The StorageService manages both backends as static singletons and routes operations based on the file path format.

Dual Backend Routing

The key insight is that file path format determines the backend:

• Absolute paths (e.g., /usr/src/app/upload/library/user/file.jpg) — legacy disk files, routed to the disk backend.
• Relative paths (e.g., library/user/file.jpg) — S3 files, routed to the S3 backend.

This means no database schema changes were needed. Existing originalPath, path, thumbnailPath, and profileImagePath columns store either format, and the resolveBackendForKey() function dispatches to the correct backend at runtime. Both backends are always active — the IMMICH_STORAGE_BACKEND setting only controls where new writes go.

Serve Modes

When a client requests an asset, BaseService.serveFromBackend() asks the resolved backend for a serve strategy and returns one of three response types:

Backend	Mode	Response	Client Behavior
Disk	—	ImmichFileResponse	Express sends the local file directly
S3	redirect	ImmichRedirectResponse	HTTP 302 to a presigned URL; client fetches from S3
S3	proxy	ImmichStreamResponse	Server streams S3 data through to the client

Presigned URLs expire after IMMICH_S3_PRESIGNED_URL_EXPIRY seconds (default 3600). The S3 backend uses forcePathStyle: true when a custom endpoint is configured, which is required for MinIO, DigitalOcean Spaces, and similar providers.

Upload Flow

When S3 is the write backend, uploads follow this path:

1. File is uploaded to a local temp directory (standard NestJS multipart handling).
2. The storage template generates a relative key for the S3 object.
3. The file is uploaded to S3 using the @aws-sdk/lib-storage Upload class (supports automatic multipart for large files).
4. The database is updated with the relative path.
5. A cleanup job deletes the local temp file.

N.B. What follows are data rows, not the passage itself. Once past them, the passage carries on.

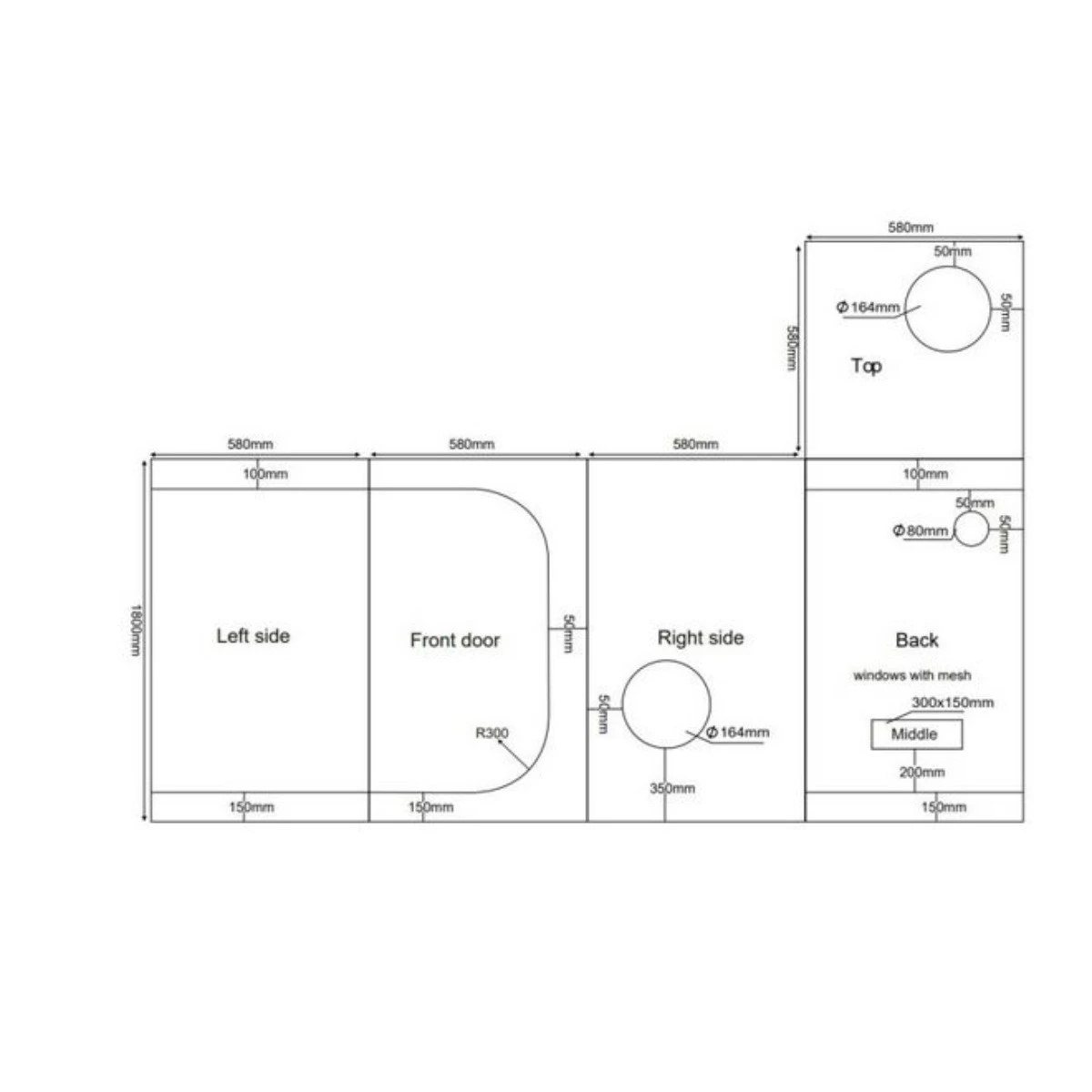 - Öffnungen und Zubehör 1x Ø 80 mm (hintere Wand, oben) 1x Ø 160 mm (rechte Seite, unten) 1x Ø 164 mm (Dach) 1x 40 x 20 cm Insektenschutzgitter (verschließbar, Klettverschluss)
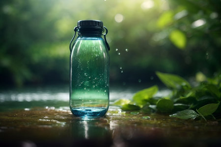 A transparent glass bottle containing pure water is placed in rippling water, creating reflections and a refreshing feel.
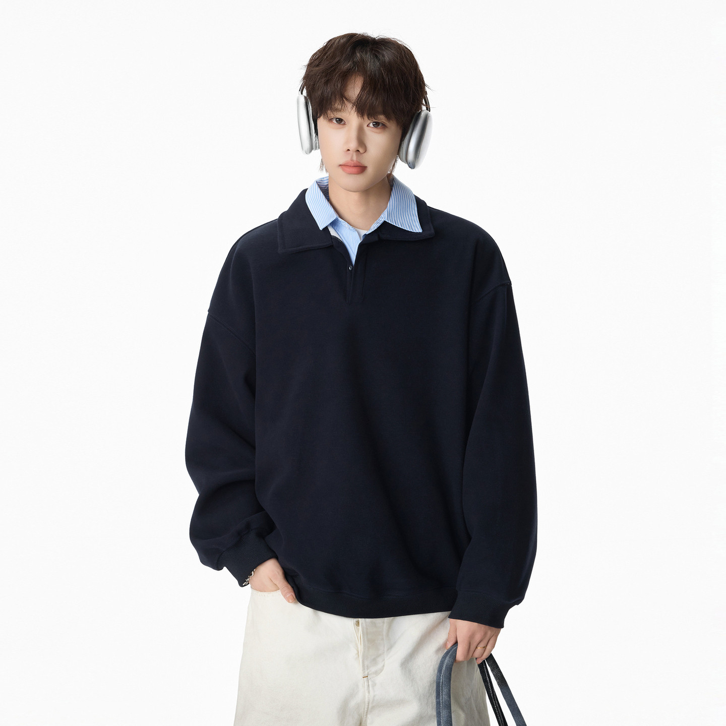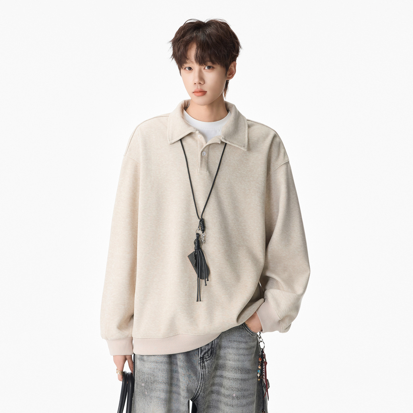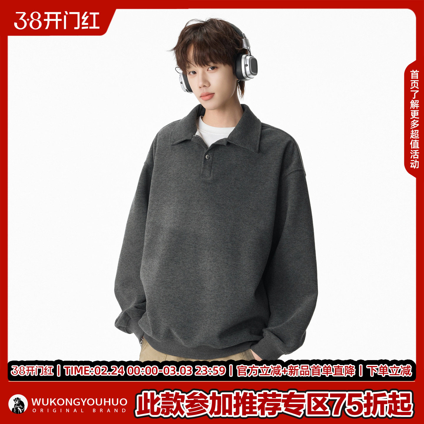 悟空有货复古潮牌纯色重磅长袖POLO衫男春季宽松情侣百搭套头上衣

Profile images (both user-uploaded and OAuth-synced) follow the same pattern: the file is written to disk first, then uploaded to S3 if the write backend is S3, and the local temp file is cleaned up.

For operations that require filesystem access (ffmpeg transcoding, exiftool metadata extraction), the S3 backend provides a downloadToTemp() method that streams the object to a local temp file and returns a cleanup function.